- [What the task requires]: Would you copy the lines below exactly and omit the images?

- [Recorded information]:
▬▬▬▬▬▬

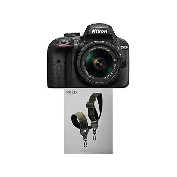 Nikon D3400 w/ AF-P DX NIKKOR 18-55mm f/3.5-5.6G VR (Black) with Universal Camera Strap with Quick Release System
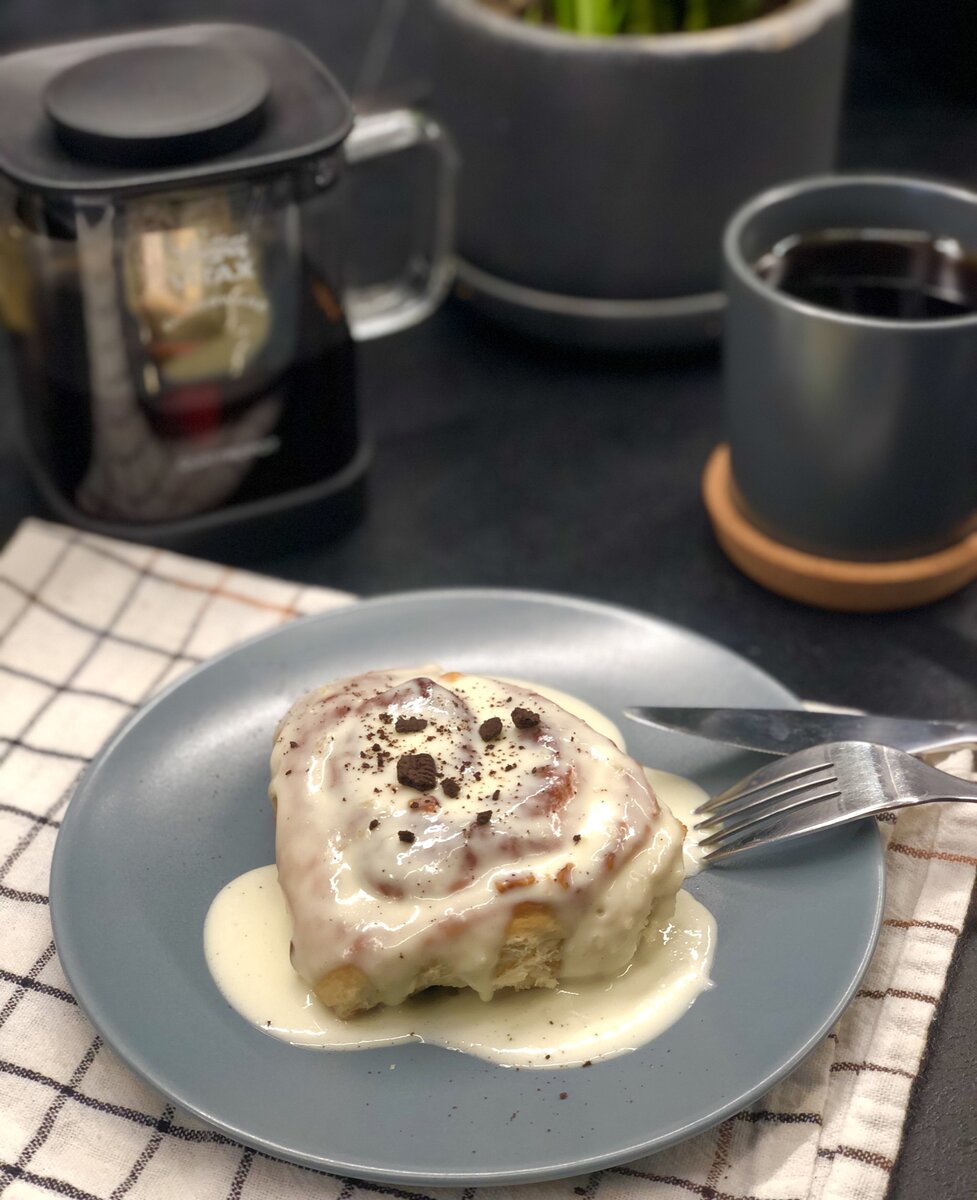 Что нам понадобится: В тёплое молоко добавляем ложку сахара и дрожжи. Оставляем на 10-15 минут, пока поднимется опара. Сахара 100 гр. взбиваем с яйцами, во взбитые яйца с сахаром добавляем растопленного масло. Когда опара поднимется, смешиваем ее с яично-масленной смесью, добавляем муку. Мешаем все руками, тесто не должно быть крутое, слегка липнуть к рукам. Тесто оставляем минут на 40-60. Начинка для промазывание слоев : Масло растопить до мягкого состояния, добавить сахар и корицу. Тесто подошло, слегка его перемешиваем и добавляем ещё 100гр. муки. Выкладываем на стол слегка тесто нужно рассучивать в прямоугольный пласт, выкладываем на тесто сахар с корице и маслом. Затем сворачиваем все в рулет и нарезам кусочками толщиной 5-6 см. СиннаБоны выкладываем в форму и оставляем ещё на 15 минут слегка подняться. Выпекать при температуре 180-200 градусов 15-20 минут. Готовые стнабоны Полисть помадкой. Готовим помадку, сливки подогреть, но не кипятить. Добавить в сливки шоколад,пер
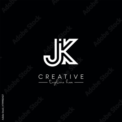 Alphabet Unique Letter JK KJ Initial Based Stylish Line Logo Design Vector.

▬▬▬▬▬▬

- [Exercise solution]:
 Nikon D3400 w/ AF-P DX NIKKOR 18-55mm f/3.5-5.6G VR (Black) with Universal Camera Strap with Quick Release System
 Что нам понадобится: В тёплое молоко добавляем ложку сахара и дрожжи. Оставляем на 10-15 минут, пока поднимется опара. Сахара 100 гр. взбиваем с яйцами, во взбитые яйца с сахаром добавляем растопленного масло. Когда опара поднимется, смешиваем ее с яично-масленной смесью, добавляем муку. Мешаем все руками, тесто не должно быть крутое, слегка липнуть к рукам. Тесто оставляем минут на 40-60. Начинка для промазывание слоев : Масло растопить до мягкого состояния, добавить сахар и корицу. Тесто подошло, слегка его перемешиваем и добавляем ещё 100гр. муки. Выкладываем на стол слегка тесто нужно рассучивать в прямоугольный пласт, выкладываем на тесто сахар с корице и маслом. Затем сворачиваем все в рулет и нарезам кусочками толщиной 5-6 см. СиннаБоны выкладываем в форму и оставляем ещё на 15 минут слегка подняться. Выпекать при температуре 180-200 градусов 15-20 минут. Готовые стнабоны Полисть помадкой. Готовим помадку, сливки подогреть, но не кипятить. Добавить в сливки шоколад,пер
 Alphabet Unique Letter JK KJ Initial Based Stylish Line Logo Design Vector.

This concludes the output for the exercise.